Databricks Community

pascal_vogel · ‎11-13-2024

This post is written by Ellen Hirt, Senior Specialist Solutions Engineer, and Pascal Vogel, Solutions Architect.

Over the past year, Databricks has supported many teams with building Retrieval Augmented Generation (RAG) applications. We've noticed that they often face similar challenges and questions. In this blog post series, we share practical tips and best practices from our experience to help you build high-quality RAG applications on Databricks.

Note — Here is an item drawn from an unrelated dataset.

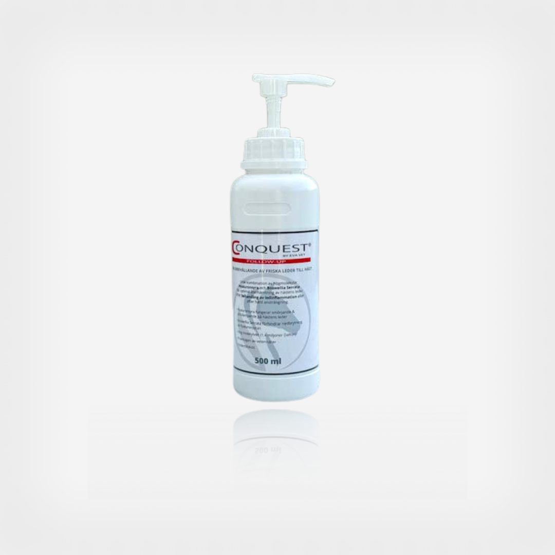 För att öka givan av hyaluronsyra rekommenderar vi att ge Conquest Every Day. Det är ett flytande tillskott som kan ges i kombination med både ChondroBas, ChondroPlus, Conquest Follow Up och HyaHydraBoost.

We provide hands-on advice for each pipeline step to help you tackle common challenges.

Content

Introduction
Data preparation: laying a foundation for high-quality RAG
1. Ingestion
2. Parsing
3. Chunking
4. Metadata extraction
5. Embedding
6. Indexing
Summary and conclusion

Introduction

RAG has emerged as an essential architecture pattern for generative AI applications. It incorporates up-to-date and private organizational knowledge for improved relevance and understanding, grounds LLM responses to minimize hallucination, and avoids costly fine-tuning or pretraining of custom LLMs.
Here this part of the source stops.